[AVAILABLE RECORDS Boundary: Start]

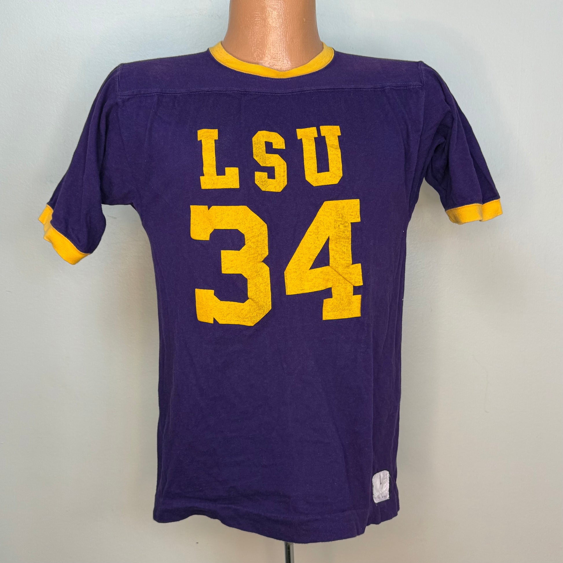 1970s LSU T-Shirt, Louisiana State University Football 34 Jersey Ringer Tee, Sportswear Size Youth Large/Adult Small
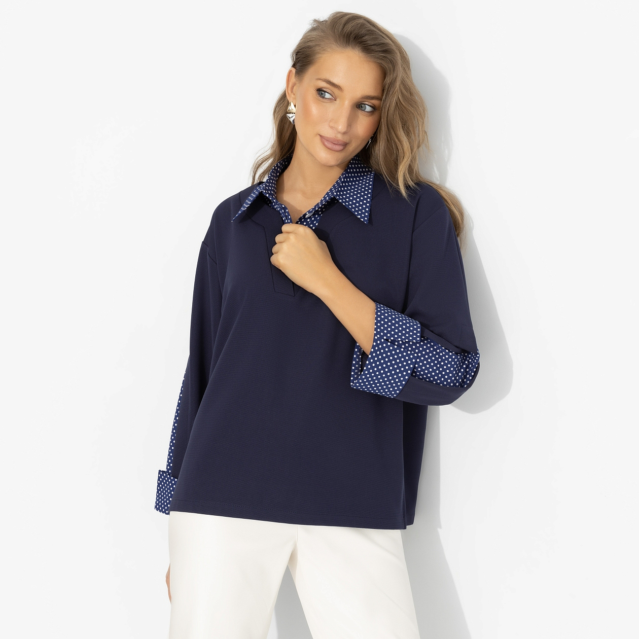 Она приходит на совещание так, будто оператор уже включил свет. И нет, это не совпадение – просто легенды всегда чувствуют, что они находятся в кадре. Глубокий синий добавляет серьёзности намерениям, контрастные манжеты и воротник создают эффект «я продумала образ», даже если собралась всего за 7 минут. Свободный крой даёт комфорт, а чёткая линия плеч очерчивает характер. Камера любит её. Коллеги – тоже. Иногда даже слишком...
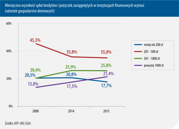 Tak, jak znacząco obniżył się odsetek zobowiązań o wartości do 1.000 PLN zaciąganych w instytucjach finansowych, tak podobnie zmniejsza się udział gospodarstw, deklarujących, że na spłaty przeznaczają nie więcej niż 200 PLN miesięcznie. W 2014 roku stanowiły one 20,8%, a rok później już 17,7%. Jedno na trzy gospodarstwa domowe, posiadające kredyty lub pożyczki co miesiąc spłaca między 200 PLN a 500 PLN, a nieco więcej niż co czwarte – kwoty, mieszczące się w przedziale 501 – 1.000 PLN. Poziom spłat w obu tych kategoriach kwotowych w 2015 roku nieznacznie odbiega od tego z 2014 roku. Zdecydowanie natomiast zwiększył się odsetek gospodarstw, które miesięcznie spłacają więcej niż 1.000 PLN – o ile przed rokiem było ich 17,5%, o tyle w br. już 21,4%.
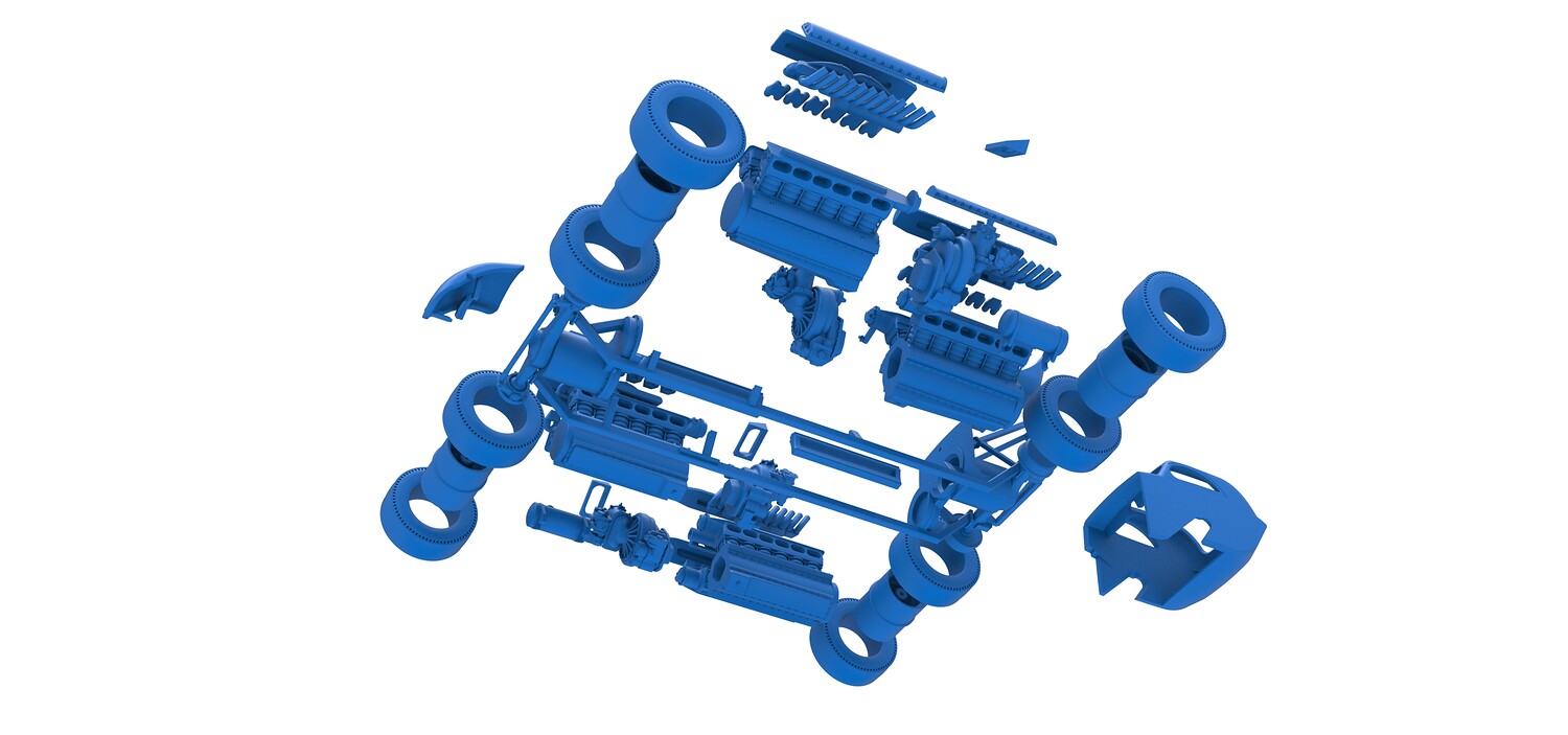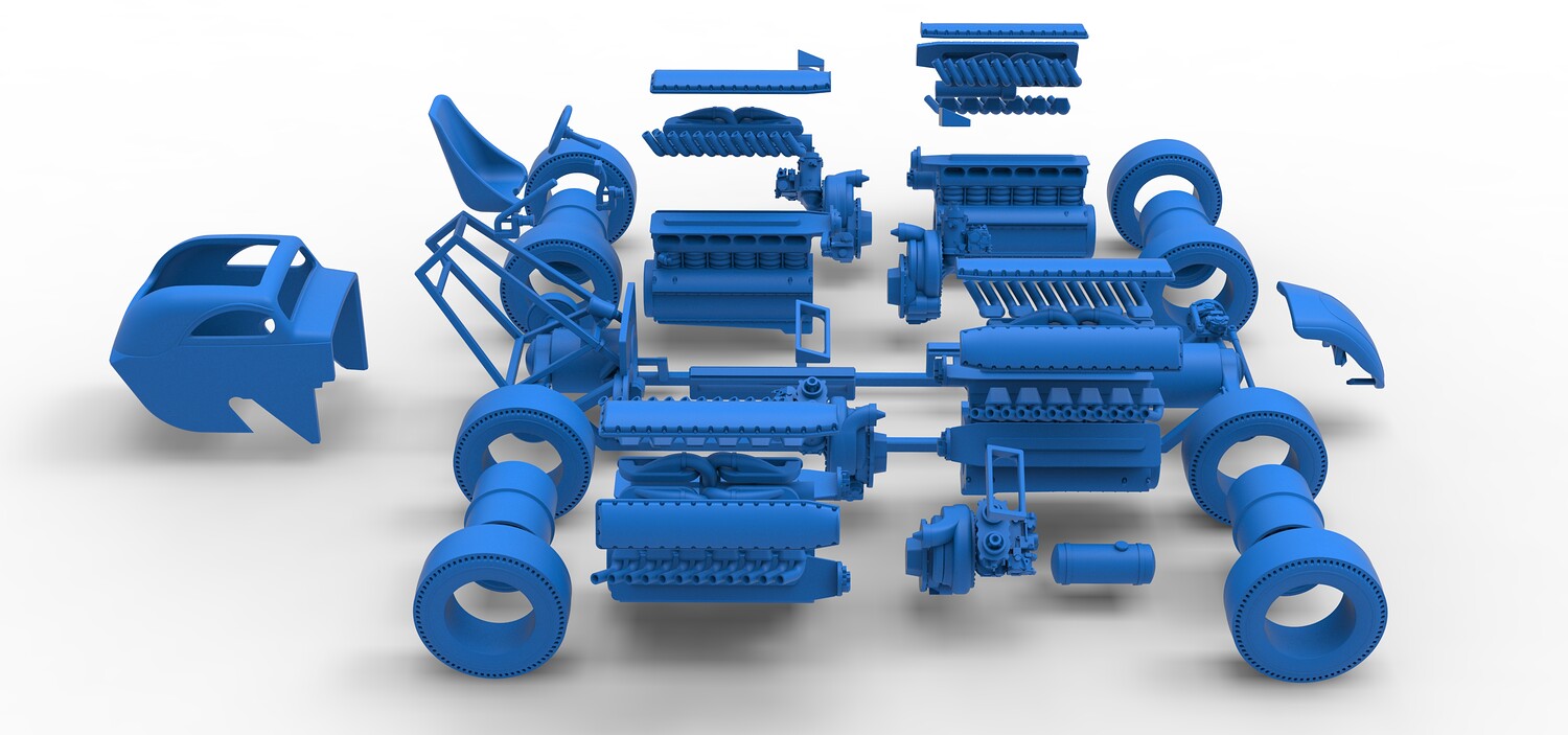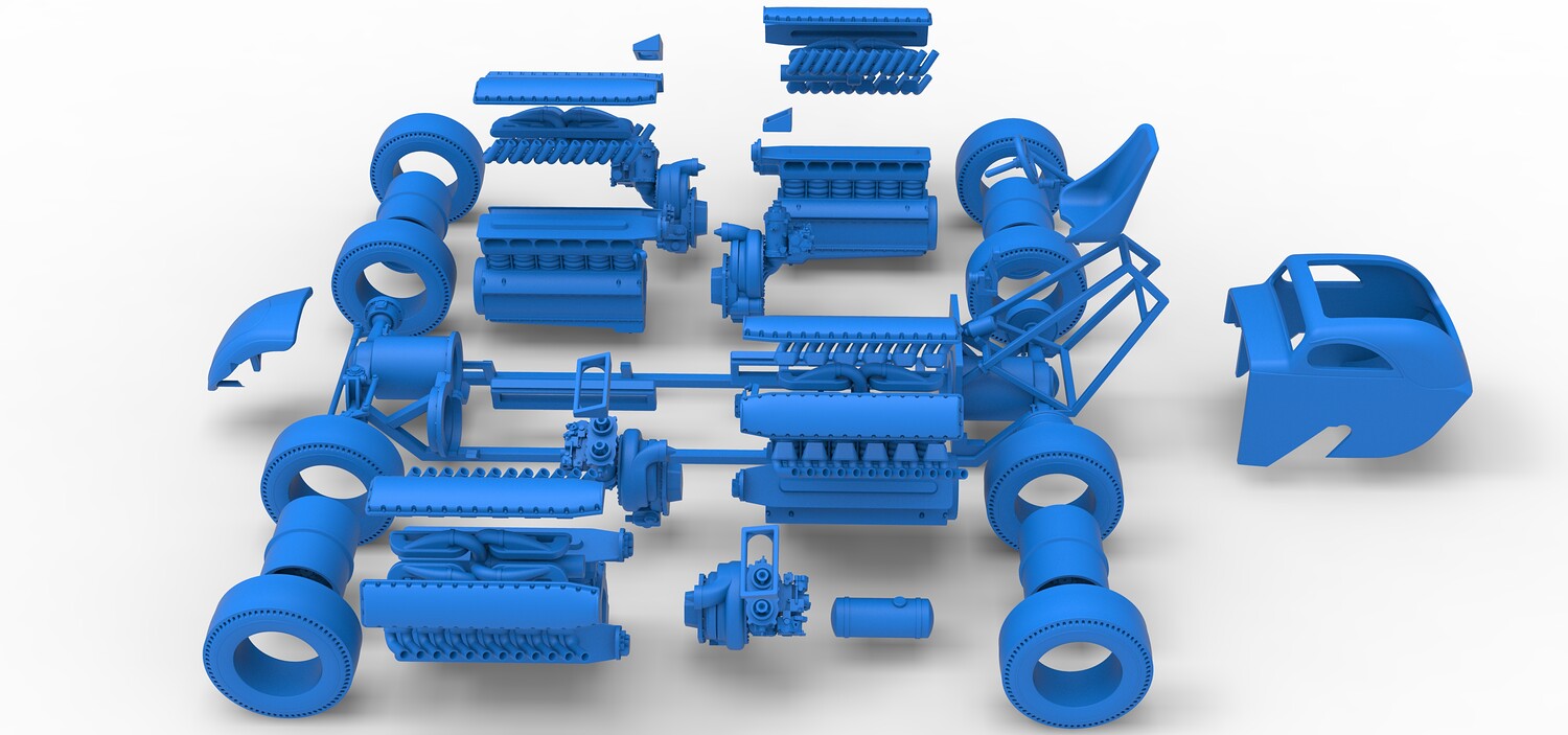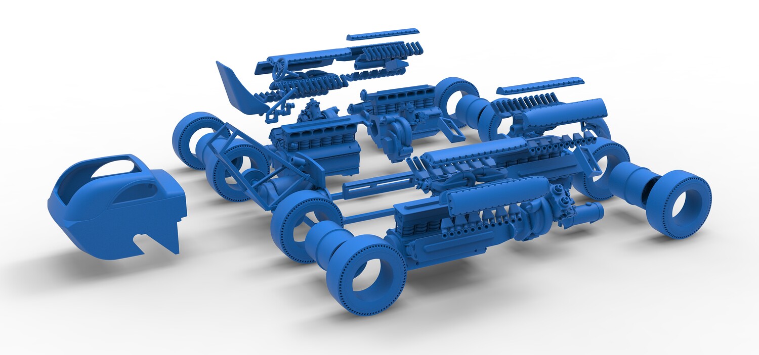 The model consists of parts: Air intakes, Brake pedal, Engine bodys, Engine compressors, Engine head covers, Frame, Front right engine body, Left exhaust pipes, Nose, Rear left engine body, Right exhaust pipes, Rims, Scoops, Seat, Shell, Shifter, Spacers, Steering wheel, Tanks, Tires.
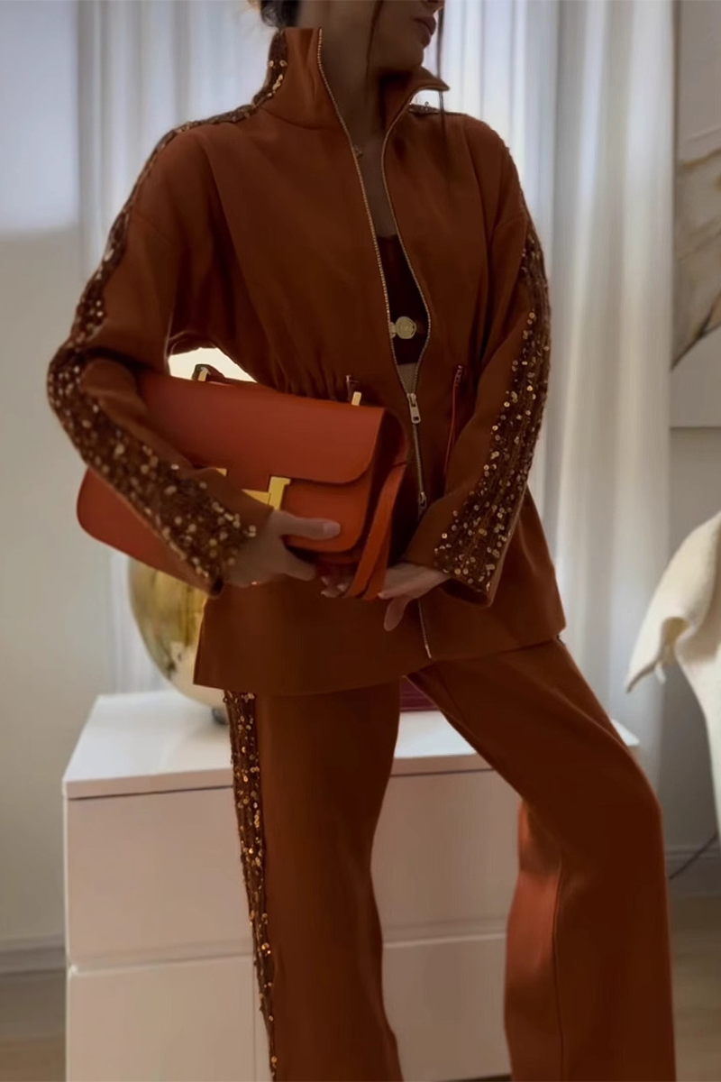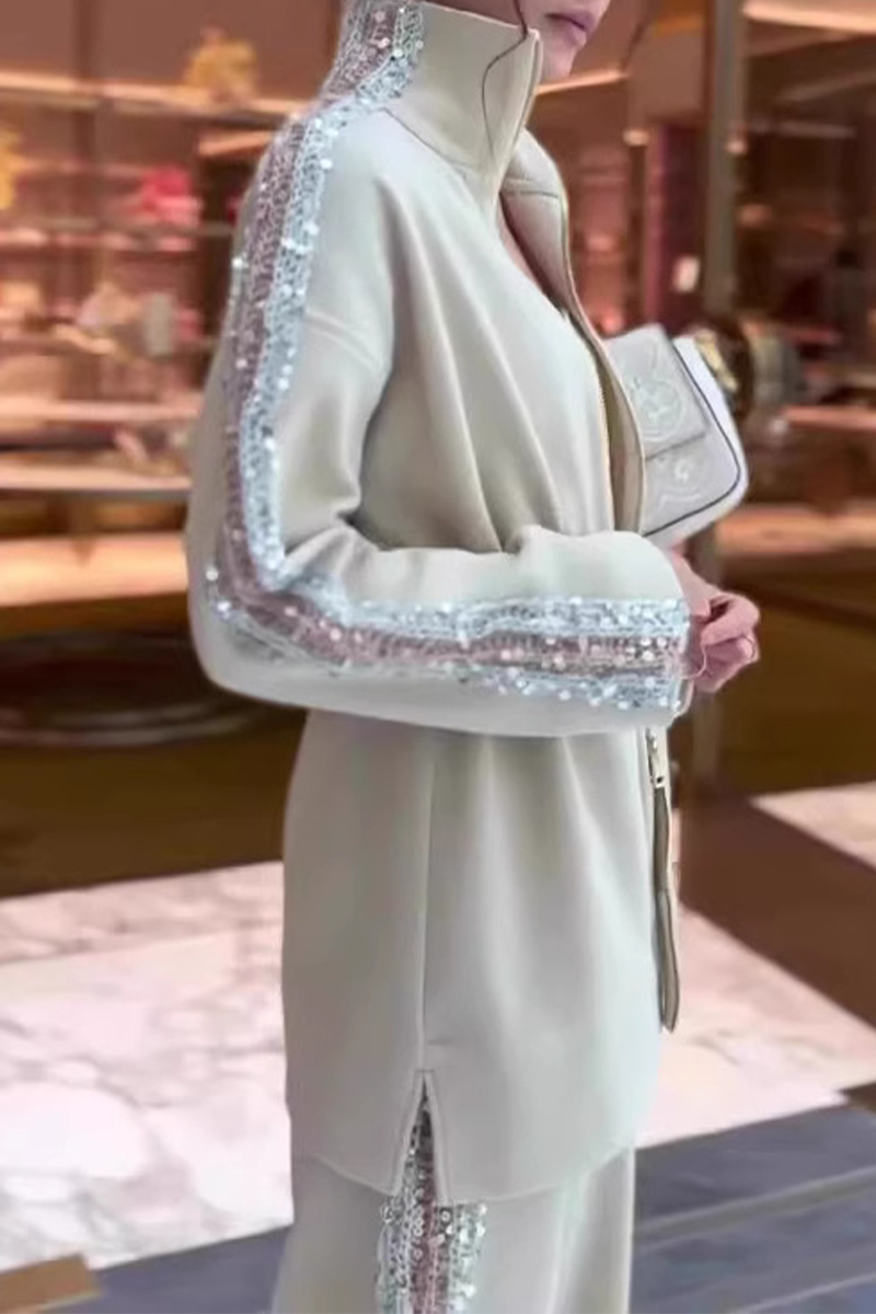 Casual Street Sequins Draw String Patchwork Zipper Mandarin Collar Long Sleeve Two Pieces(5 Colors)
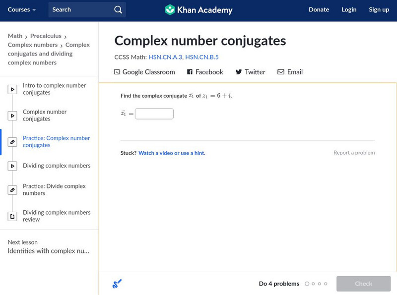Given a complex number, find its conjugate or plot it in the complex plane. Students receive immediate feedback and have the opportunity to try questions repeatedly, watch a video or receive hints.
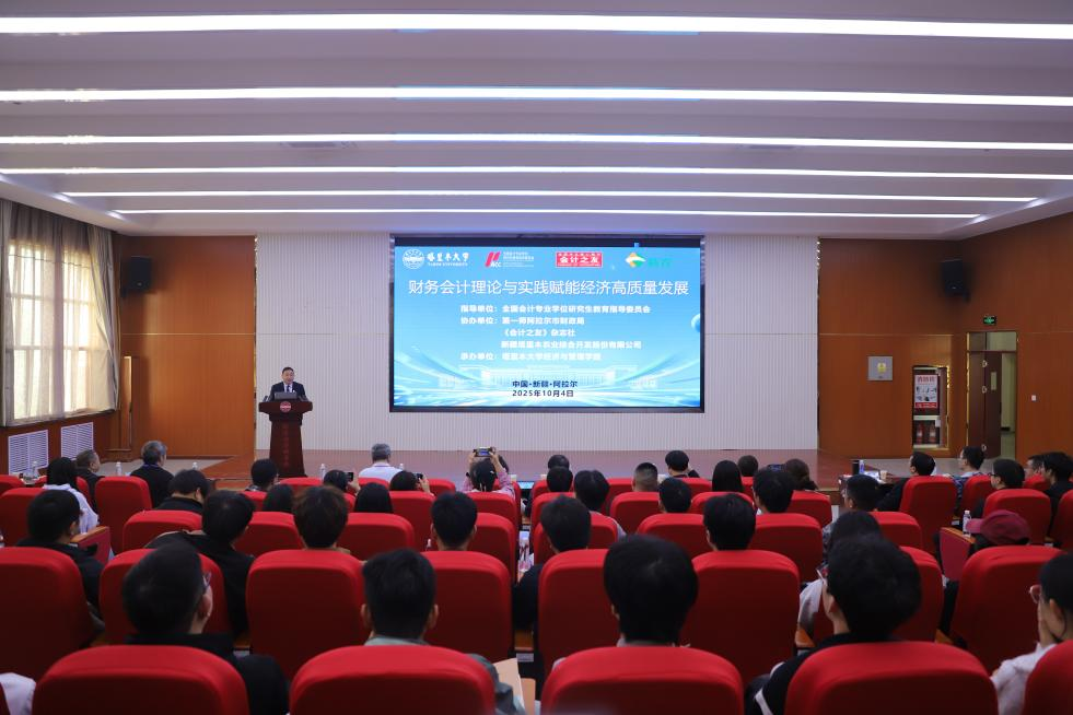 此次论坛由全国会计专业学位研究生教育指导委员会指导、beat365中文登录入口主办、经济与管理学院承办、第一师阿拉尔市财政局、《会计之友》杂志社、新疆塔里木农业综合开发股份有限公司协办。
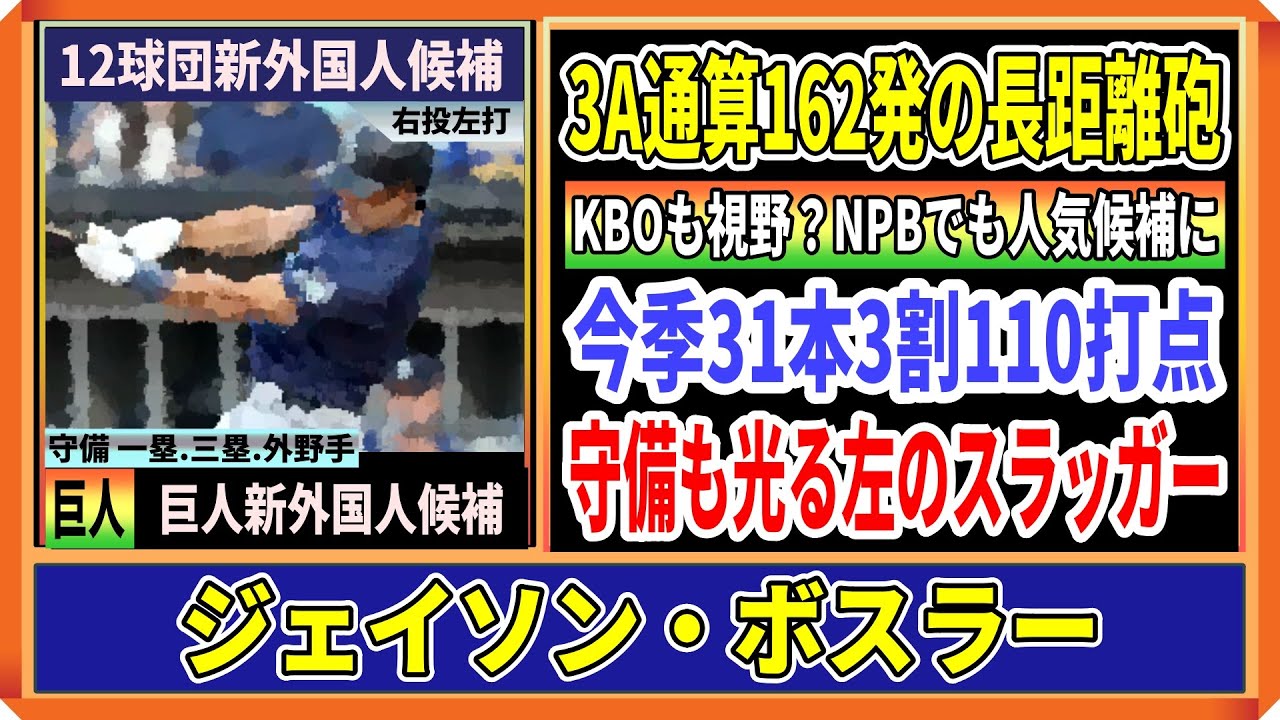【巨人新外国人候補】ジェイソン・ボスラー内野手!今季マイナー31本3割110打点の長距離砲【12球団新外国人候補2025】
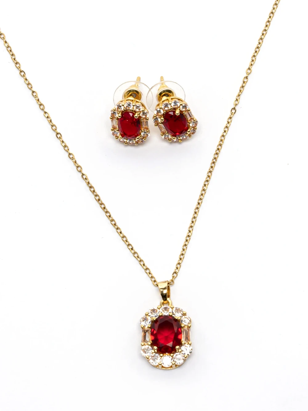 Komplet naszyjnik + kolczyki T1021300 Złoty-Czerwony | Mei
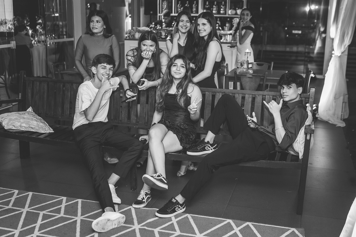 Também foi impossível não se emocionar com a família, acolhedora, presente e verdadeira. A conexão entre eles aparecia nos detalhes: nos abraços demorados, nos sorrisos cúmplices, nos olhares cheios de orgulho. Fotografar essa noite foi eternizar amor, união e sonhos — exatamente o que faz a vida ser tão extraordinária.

[AVAILABLE RECORDS Boundary: End]

*WORK INSTRUCTIONS*.
Return only the lines that start at the line containing "Casual Street Sequins" and finish at the last line of the entries, exactly as written and without pictures.

*EXERCISE ANSWER*.
 Casual Street Sequins Draw String Patchwork Zipper Mandarin Collar Long Sleeve Two Pieces(5 Colors)
Given a complex number, find its conjugate or plot it in the complex plane. Students receive immediate feedback and have the opportunity to try questions repeatedly, watch a video or receive hints.
 此次论坛由全国会计专业学位研究生教育指导委员会指导、beat365中文登录入口主办、经济与管理学院承办、第一师阿拉尔市财政局、《会计之友》杂志社、新疆塔里木农业综合开发股份有限公司协办。
【巨人新外国人候補】ジェイソン・ボスラー内野手!今季マイナー31本3割110打点の長距離砲【12球団新外国人候補2025】
 Komplet naszyjnik + kolczyki T1021300 Złoty-Czerwony | Mei
 Também foi impossível não se emocionar com a família, acolhedora, presente e verdadeira. A conexão entre eles aparecia nos detalhes: nos abraços demorados, nos sorrisos cúmplices, nos olhares cheios de orgulho. Fotografar essa noite foi eternizar amor, união e sonhos — exatamente o que faz a vida ser tão extraordinária.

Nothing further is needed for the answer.